Given data:
+-------+

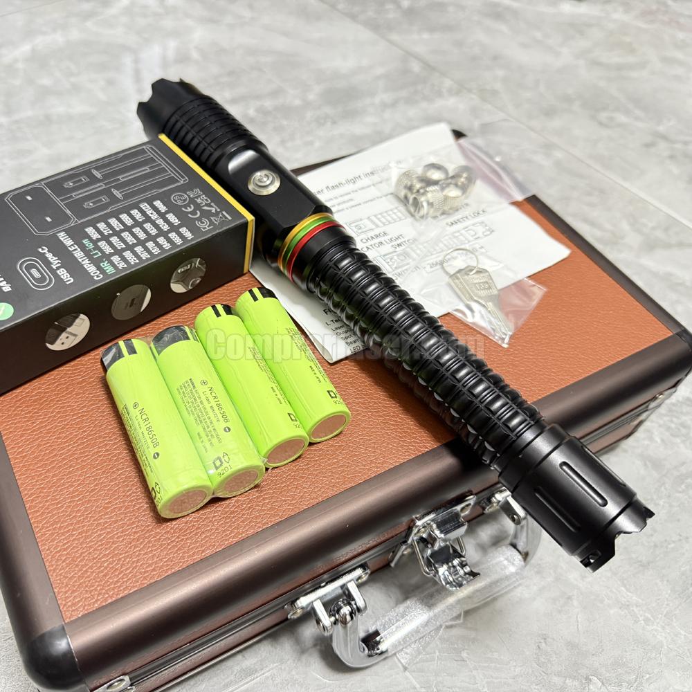 Tipo de paquete 1) Sin accesorios: solo un puntero láser (sin batería ni cargador). 2) Paquete estándar: puntero láser azul + dos baterías 18650 de ultraalta capacidad (3200 mAh) + cargador + gafas de seguridad (OD3) + manual de instrucciones en inglés + caja de aluminio. 3) Paquete profesional: puntero láser azul + cuatro baterías 18650 + cargador profesional + gafas de seguridad (OD4) + cinco cabezales de patrón + paño de limpieza de lentes + manual de instrucciones en inglés + caja de aluminio a prueba de explosiones.
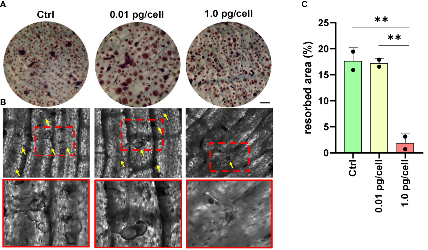 Bone resorption by osteoclasts. Representative data from a donor were obtained using a light microscope to show TRAP-positive (red) osteoclasts differentiated from macrophages during 12 days of culture with RANK-L and M-CSF on bone slices obtained from control (non-infected precursors) and HIV-infected precursors exposed to different viral inoculum (A). The bone resorption pits formed by osteoclasts from precursors (control, and HIV-infected using high and low-inoculum) cultured for 9 days were visualized by staining the slices with toluidine blue. Zoomed-in views of red dashed squares provide more detailed observation (B). The resorption area was observed under a light microscope (x100) and analyzed using Image-J (C). Scale bar: 100 μm. The data represent the mean ± SD of two independent donors, and **p < 0.01 indicates a statistically significant difference.
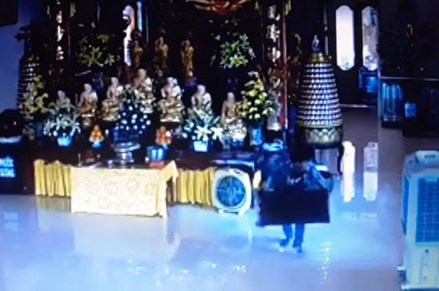 Cảnh cũng được xác định là đối tượng đã đột nhập Chùa Tâm Ấn (ngày 27/4) trộm thùng tiền công đức được camera an ninh nhà chùa ghi lại.
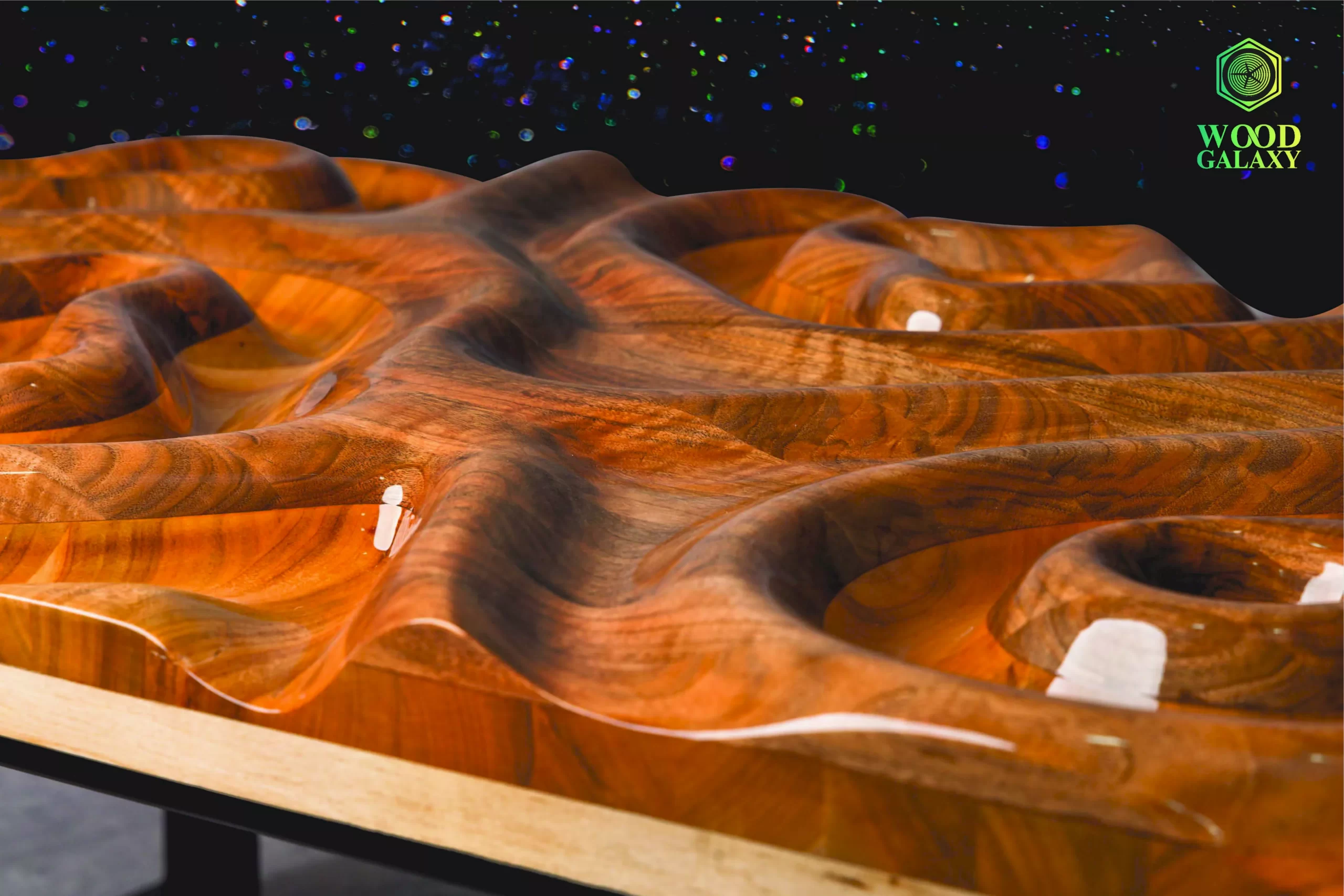 Experience the beauty of exotic wood with the Infinity rectangular coffee table. Made from a stunning combination of walnut and cherry wood, this designer wooden coffee table is a true masterpiece. Featuring a unique artistic design and a glass top, it’s the perfect addition to your luxury living room furniture. Each piece is handcrafted with premium craftsmanship, making it a one-of-a-kind addition to your home decor.
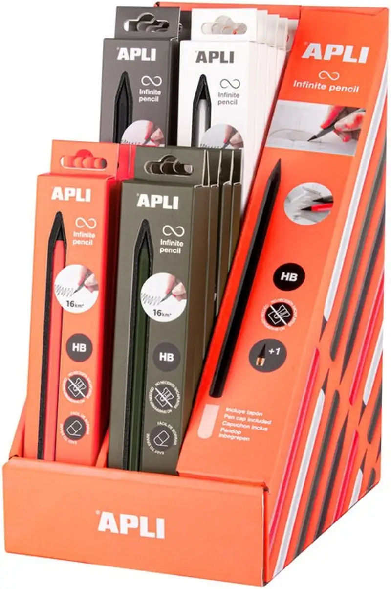 Expositor de 20 lápices Infinito que permiten escribir sin parar. Gracias a su mina suavemente abrasiva y duradera > el innovador lápiz Infinito te posibilitará escribir hasta 16 km sin requerir afilado > proporcionándote así una concentración óptima durante tus actividades de escritura y dibujo. El expositor incluye 20 packs de lápices en 5 colores distintos: negro > blanco > kaki y naranja fluor. Colores atemporales acompañados de un atrevido toque fluorescente. Cada pack dispone de 1 lápiz Infinito > 1 minas de recambio HB y 1 tapón translúcido de protección.
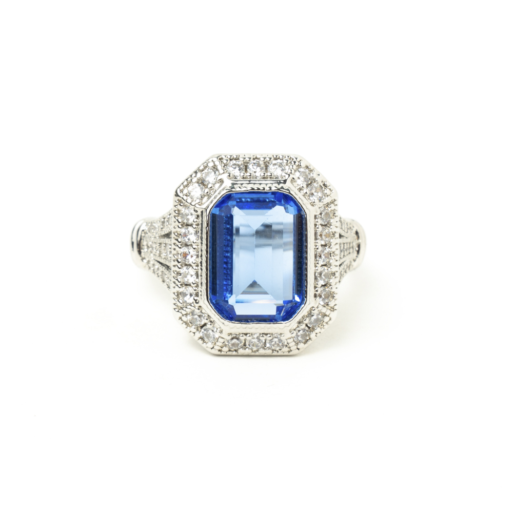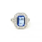 Preciosa piedra semi preciosa en color azul zafiro acompañada de diamantes talla brillantes.
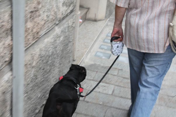 Non preoccuparti, signora Rossi, dei tuoi problemi con la diabolica abbinata pettorina + flexi.

+-------+

Once the pictures are set aside, reproduce the records in full and exactly.

 Tipo de paquete 1) Sin accesorios: solo un puntero láser (sin batería ni cargador). 2) Paquete estándar: puntero láser azul + dos baterías 18650 de ultraalta capacidad (3200 mAh) + cargador + gafas de seguridad (OD3) + manual de instrucciones en inglés + caja de aluminio. 3) Paquete profesional: puntero láser azul + cuatro baterías 18650 + cargador profesional + gafas de seguridad (OD4) + cinco cabezales de patrón + paño de limpieza de lentes + manual de instrucciones en inglés + caja de aluminio a prueba de explosiones.
 Bone resorption by osteoclasts. Representative data from a donor were obtained using a light microscope to show TRAP-positive (red) osteoclasts differentiated from macrophages during 12 days of culture with RANK-L and M-CSF on bone slices obtained from control (non-infected precursors) and HIV-infected precursors exposed to different viral inoculum (A). The bone resorption pits formed by osteoclasts from precursors (control, and HIV-infected using high and low-inoculum) cultured for 9 days were visualized by staining the slices with toluidine blue. Zoomed-in views of red dashed squares provide more detailed observation (B). The resorption area was observed under a light microscope (x100) and analyzed using Image-J (C). Scale bar: 100 μm. The data represent the mean ± SD of two independent donors, and **p < 0.01 indicates a statistically significant difference.
 Cảnh cũng được xác định là đối tượng đã đột nhập Chùa Tâm Ấn (ngày 27/4) trộm thùng tiền công đức được camera an ninh nhà chùa ghi lại.
 Experience the beauty of exotic wood with the Infinity rectangular coffee table. Made from a stunning combination of walnut and cherry wood, this designer wooden coffee table is a true masterpiece. Featuring a unique artistic design and a glass top, it’s the perfect addition to your luxury living room furniture. Each piece is handcrafted with premium craftsmanship, making it a one-of-a-kind addition to your home decor.
 Expositor de 20 lápices Infinito que permiten escribir sin parar. Gracias a su mina suavemente abrasiva y duradera > el innovador lápiz Infinito te posibilitará escribir hasta 16 km sin requerir afilado > proporcionándote así una concentración óptima durante tus actividades de escritura y dibujo. El expositor incluye 20 packs de lápices en 5 colores distintos: negro > blanco > kaki y naranja fluor. Colores atemporales acompañados de un atrevido toque fluorescente. Cada pack dispone de 1 lápiz Infinito > 1 minas de recambio HB y 1 tapón translúcido de protección.
 Preciosa piedra semi preciosa en color azul zafiro acompañada de diamantes talla brillantes.
 Non preoccuparti, signora Rossi, dei tuoi problemi con la diabolica abbinata pettorina + flexi.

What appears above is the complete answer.